El Sr. SAGASTA: Pido la palabra para rectificar.

El Sr. VICEPRESIDENTE (Elduayen): La tiene V. S.

El Sr. SAGASTA: Señores Diputados, después de lo mucho que ayer molesté al Congreso, no pienso abusar hoy de su benevolencia; pero comprenderéis que no puedo dejar pasar desapercibidas ciertas indicaciones hechas por el Sr. Presidente del Consejo de Ministros, ni sin correctivo la inmoderación con que a mi moderación correspondió.

El Congreso sabe bien, que en la medida de mis fuerzas, traté ayer la cuestión desde la altura serena de los principios y que si en algún momento de mi peroración pude emplear alguna frase ligera, más que por deseo mío, fue para distraer a mi auditorio, que consideraba fatigado con la exposición de una larga serie de asuntos serios; pero que ni por el tono con que la dije, ni por los antecedentes que la precedieron podía tomarse a mala parte, ni ser motivo para que el Sr. Presidente del Consejo de Ministros convirtiera una cuestión, que venía debatiéndome en la alta región de los principios, en una cuestión personal.

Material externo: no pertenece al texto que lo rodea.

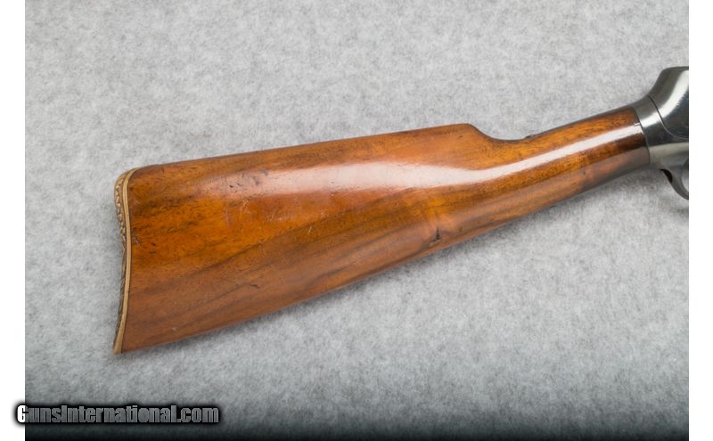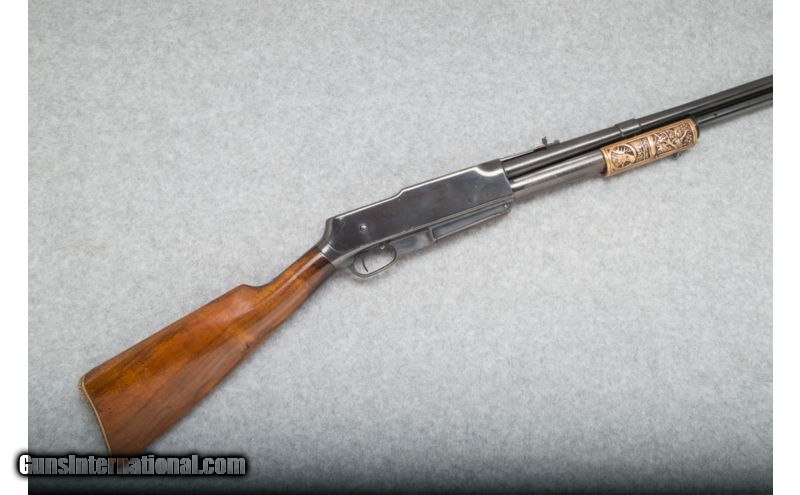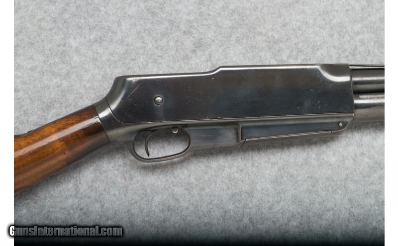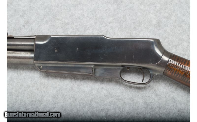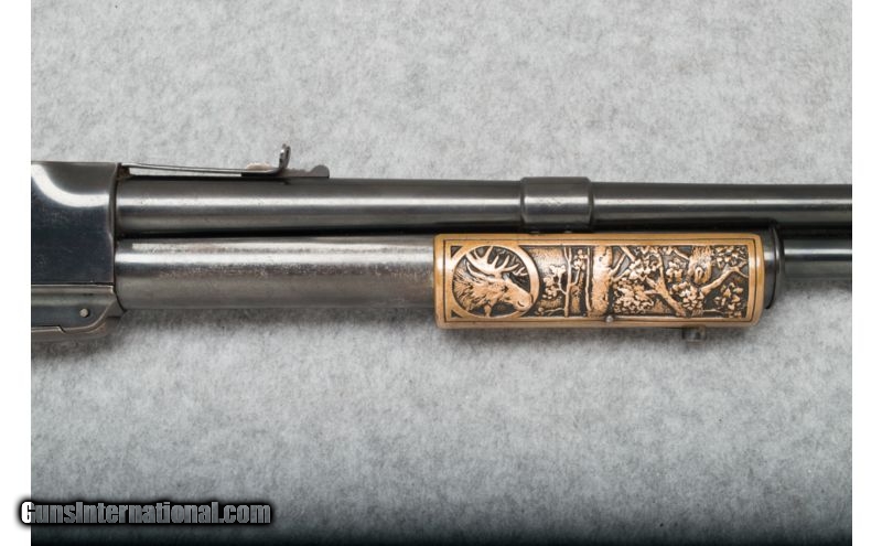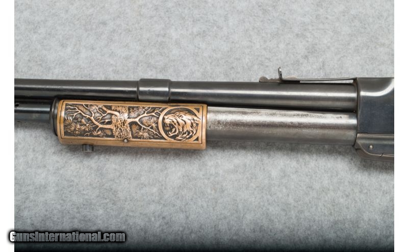 Description: Used. Fires as both a semi-auto and pump! SOLD Caliber Info: .35 Rem. Metal Condition: Very good; overall Wood Condition: Good; some handling marks; notches carved at wrist Bore Condition: Poor; corrosion throughout Barrels: 22 Triggers: Smooth blued steel Stock: Smooth straight grip walnut Stock Dimensions: LOP - 13 1/4 Fore End: Cast bronze with animal scenes Butt Pad: Cast bronze Weight: 8 lbs. 2 oz. Sights: Adjustable rear; ramp front with bead Item Location: Sun Prairie, WI |

Siento que, habiéndome de ocupar de él, no esté presente: y lo siento, porque temo que se interprete mal mi pensamiento, como se interpretó ayer, pues creo que si hubiera oído las frases que al parecer le molestaron, no se hubiera dado por tan ofendido, como al parecer se dio. (Un Sr. Ministro: Pronto vendrá.)

Quiso, a consecuencia de esto, sembrar la cizaña en nuestro campo. ¡Tarea inútil! Aquí estamos tan perfectamente unidos y nuestras voluntades tan cosidas, que no necesitamos siquiera, que las zurzan. Sin embargo, si el Sr. Cánovas del Castillo estuviera entre nosotros, gran fortuna para nosotros sería; aun si necesidad de zurcir voluntades, aquí sería el jefe, porque S. S. es tan grande, que ni él podría descender hasta nuestro nivel, ni nosotros nos permitiríamos subir hasta el suyo; pero como aquí no hay esa superioridad tan elevada, vivimos tranquila y agradablemente sin jefe. Así es, que yo no soy ni jefe, ni soldado, ni nada: en esta minoría todos somos iguales, y nos arreglamos perfectamente: la soberanía corresponde a todos. Yo me contento con ser uno de tantos y estoy muy satisfecho con el cariño que me dispensan y con la consideración, que me tienen, sin excepción, todos mis compañeros; pero esto es pequeño para el Sr. Presidente del Consejo de Ministros.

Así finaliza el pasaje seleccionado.